Monday, April 16, 2007
The Global War On Terror is Dead
We wouldn’t want the terror masters and jihadis think that we took them seriously, now would we?
Maybe what we should do is acknowledge their seriousness of mind and purpose, the danger that they pose, and the reality that our war is with not a single organization or nation, but with those who would use TERRORism as a weapon to gain their political aims. Maybe now, when many are questioning our and our allies’ will to continue the fight, isn’t the best time to try to find gentle euphemisms that won’t offend the wrong people and won’t make the terrorists “feel part of a bigger struggle.”
The terrorists know who they are and what they are; I don’t think we should be worried about anyone’s self-image.
We could call it World War 3, recognizing the global scale of the conflict. But, honestly, it isn’t nearly as all-encompassing as that war--our economy and our military might have grown well past those years of national sacrifice and we aren’t seeing anything nearly as bloody, either.

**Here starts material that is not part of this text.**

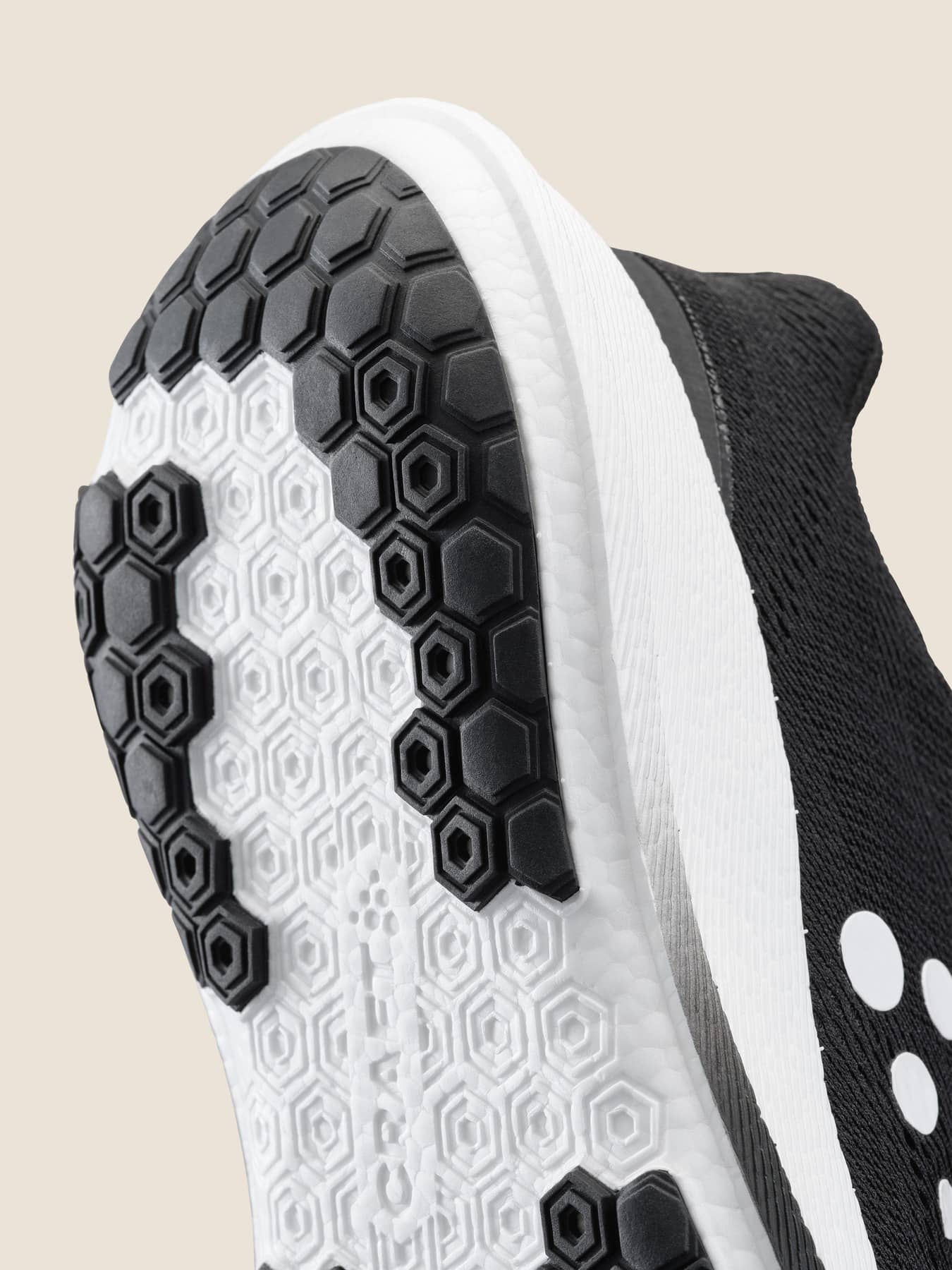 Two layer engineered mesh upper to improve the lock in and fit for a stable and comfortable ride.

Our enemy isn’t as numerous nor nearly as strong. Arguably, the stakes in the long view are similar, though. This is a war of ideologies and cultures that is much more meaningful than just “a small number of loose, shifting and disparate groups who have relatively little in common apart from their identification with others who share their distorted view of the world and their idea of being part of something bigger.”
We could call it the War on Islamic Extremism, which I think would be about right. Terror isn’t only a tool of the Islamic extremists, of course, but those are our enemies, aren’t they? And it is their ideas and their culture that we must vigorously oppose.
Global War on Terror is ungainly (and, perhaps, so is War on Islamic Extremism), but it had the virtue of being honest about the scope and the enemy. I can’t imagine that anyone believes that this will be won by “military means alone"--the use of all forms of our national power will be in play. Economic, “soft” diplomacy, small and large scale military projection, and information dissemination. In fact, I remain convinced that the last will be the most important--convinced that in the war of ideas, our ideas are far more attractive than theirs.
Freedom and liberalism are more desirable than religious dictatorships (at least when the former can be had with political stability and an individual sense of security). In line with Natan Sharansky’s The Case for Democracy, it is our moral duty and pragmatic obligation to support democratic movements around the world both because it is right and because it will help ensure our own future security.
We can call this struggle whatever we want, but let’s not fool ourselves about its ultimate importance or scope. The term “Global War on Terror” doesn’t preclude a use of wide ranging powers to achieve our goals any more than “Cold War” left us unable to use those same powers to defeat the USSR in a similar war of ideologies. Turning to a new name just feels like re-branding.